Wyldsyle: [After Emmet proudly demonstrates his single original design, a bunk-bed couch] “That’s literally the dumbest idea I’ve ever heard in my life.”
Vitruvius: “Let me handle this, Wyldstyle. That idea… is just the worst.
Emmet: “You’re an amazing person, Wyldstyle, and if your boyfriend can’t see that, he’s as blind as… a person… whose eyes stopped working.”
“We awe fwum the planet Duplo, and we awe here to destwoy you.”
If Lego can maintain this same standard of quality for the inevitable #2, I can’t wait to see how the embattled minifigures repel the Duplo invaders from their home baseplate. The Lego Movie doesn’t have a very deep meaning like Toy Story 1, Toy Story 2, Toy Story 3, Toy Short Stories, the Toy Story Halloween Special, or some other movies based on and made to sell toys, but it is superbly entertaining, delightfully hammy, blissfully nostalgic, consistently funny, occasionally romantic, and most of all awesome.
Grade rating: B+
Mr. Peabody and Sherman – The one thing about this that looked remotely sufferable was Patrick Warburton as a Greek soldier, but he’s only as funny as the lines that writers give him, all of which weren’t.

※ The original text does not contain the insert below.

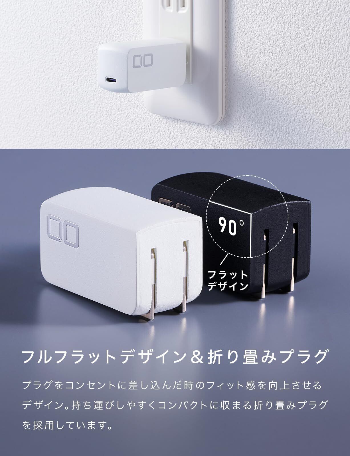 【従来の充電器の常識を覆す小ささ】65W高出力の急速充電器とは思えないほどの、圧倒的コンパクトサイズ。片手にすっぽり収まり、持ち運び時はガジェットポーチはもちろん、カバンの小さなポケットにも難なく収まります。折り畳みプラグ式だから安全に持ち運べ、使用時もコンセント干渉がなく、コンセント周りをスッキリすることができます。オフィスでご使用になる際もかさばらず、デスク周りをスッキリとお使いいただけます。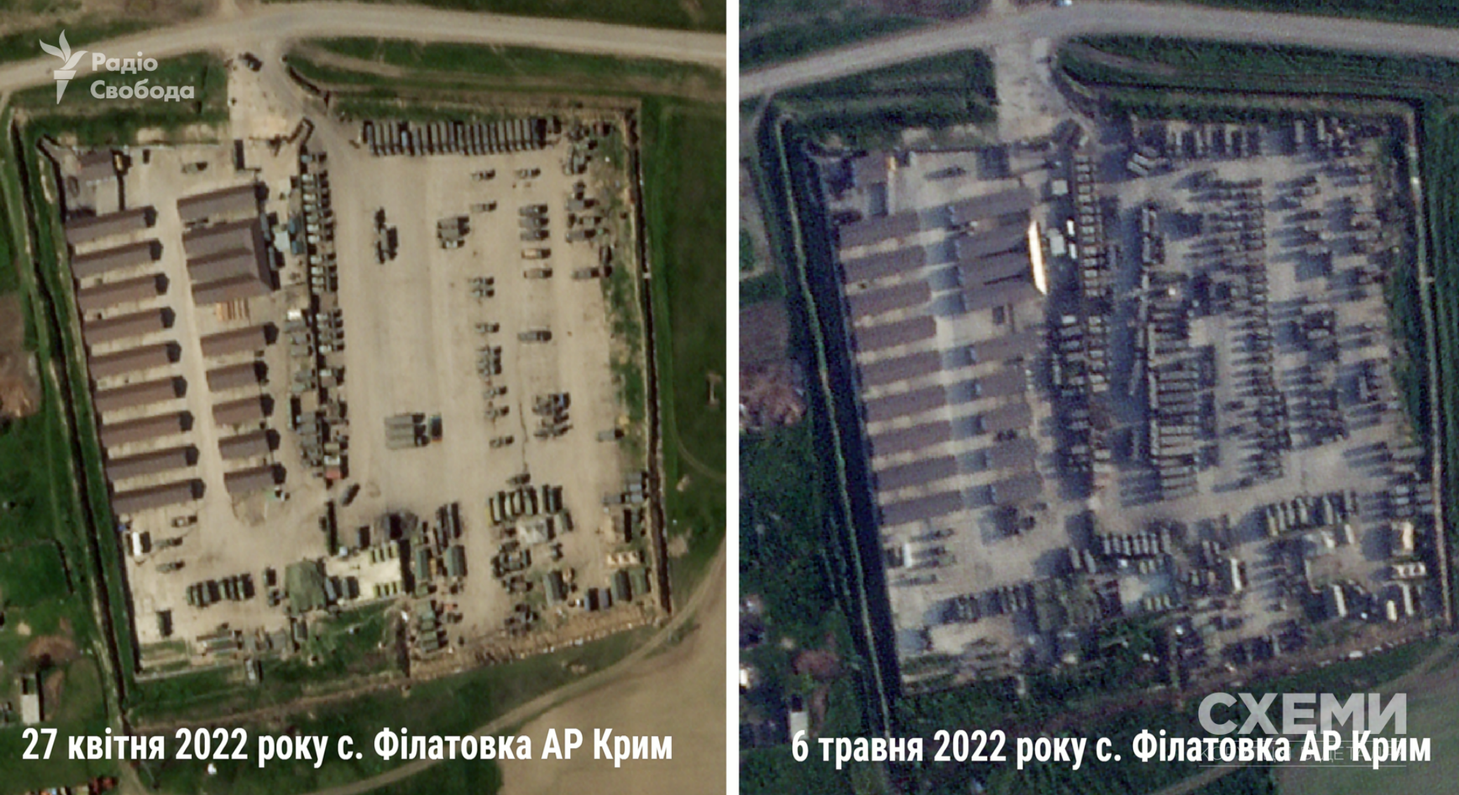 Спутник зафиксировал стягивание зенитно-ракетных сил армии РФ на север оккупированного Крыма – в село Филатовка, расположенное вблизи Херсонской области. На снимках, которые есть в распоряжении журналистов «Схем» (Радіо Свобода), заметно увеличение количества российской военной техники, среди которой – зенитные и ракетные комплексы.

Earth To Echo – This is likely an early teaser because it didn’t reveal many plot points, but it looks like a mashup of Super 8’s better parts with the aliens and floating things and Chronicle or Cloverfield with the handheld camera. And y’all know how I feel about shaky cam.
Muppets: Most Wanted – “Lights out.” *Crash* “Turn them back on. Ugh. You ’ave to vait until I’m LIKE out of the hallway.” Huh huh. Tina Fey smashing Russian and valley girl together. That’s a good one. I think I’ve liked approximately zero of the Muppet movies I’ve seen so far, but maybe this one will change that record. On DVD.
The Amazing Spider-Man 5, or is it officially 2? – Another year, another special effects extravaganza about an arrogant, unlikeable teenager who zips around the big city and wisecracks along the way, except this time the villain is Jamie “Every single thing in my life is built around race” Foxx and the most special effect on display is Spidey’s girlfriend Emma Stone. A noble effort from Industrial Lights and Magic, but that’s not music enough for my ears. It’s time for this string of cash-grabbing sequels to bow out.
The Box-Trolls – If I’m not mistaken, this is the one that made a small stir for being gay kiddie propaganda dressed up as a stop-motion monster movie. “Families come in all shapes and sizes…” Whatever the case, it doesn’t look nearly as inventive visually as Coraline or The Nightmare Before Christmas.
Another Wizard of Oz movie – Soooooooo bad.